Fortis's acquisition by Malaysia's IHH may improve its operations
Malaysian group IHH Healthcare Berhad’s Rs 40 billion acquisition of Fortis Healthcare is expected to result in improved cash flow, better operating profit margins and new business opportunity for the Indian hospital chain.
Fortis, which has been under the regulatory scanner on charges of fund diversion, has seen its losses widen due to provisioning and its operating profit margins have trailed those of its peers in hospital and diagnostic business.
While the acquisition is expected to lead to synergies and savings in finance cost, procurements and maintenance, the tie-up will bring new therapies to Fortis, provide collaboration opportunities for its staff and increase footfalls.
In its investor presentation, IHH said it wanted to develop Fortis into a market leader. It said there was a potential to expand in international markets such as South and Central Asia and parts of Southeast Asia. However, IHH did not elaborate on global expansion.
IHH said it wanted to consolidate Fortis's diagnostic arm as a part of its larger global franchise. “This will help drive economies of scale and allow Fortis to capitalise on cost advantages relative to other regional markets by potentially centralising specific testing for IHH global network in India,” an IHH spokesperson said.

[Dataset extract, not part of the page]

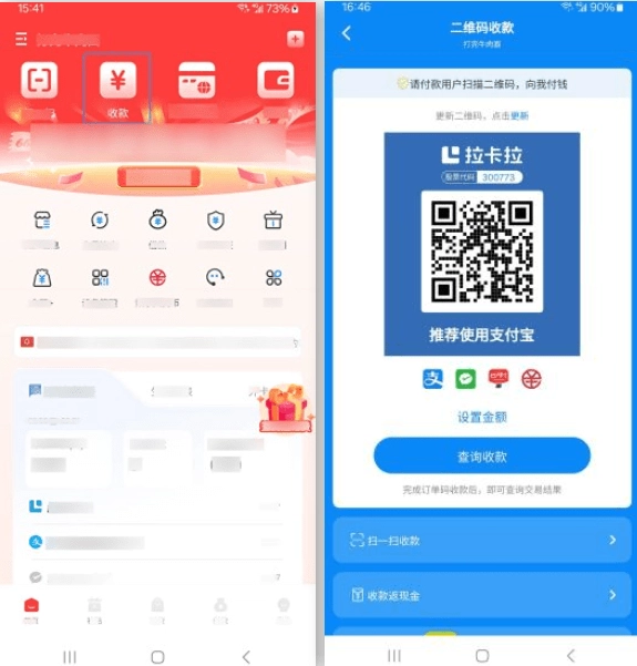 拉卡拉首页点击【收款】可至此页面,支持【扫一扫收款】和【二维码收款】

Fortis' operating margins will get a boost with the acquisition of RHT’s assets. (Of the Rs 40 billion investment, Rs 26.50 billion would go towards the RHT acquisition).
India Infoline said Fortis' Ebit (earnings before interest and tax) margins were lower than Apollo Hospitals as trust costs of Rs 2.53 billion constituted significant portion of its operating costs. According to analysts, the trust costs add up to 30 per cent of operating expenses of its hospital business and 24 per cent of consolidated operating expenditure in Q4 FY18 and thus acquisition of RHT assets will reduce its expenses, improve margins and result in better valuations.
Muralidharan Nair, head-healthcare at consultancy EY, said Fortis integration with IHH would be smooth as Fortis management and board does not have any legacy issues. “IHH, however, should involve Fortis team members in the integration process. It should not impose its own style of functioning. I believe, IHH will bring rigour in business review and finance at Fortis,” he said.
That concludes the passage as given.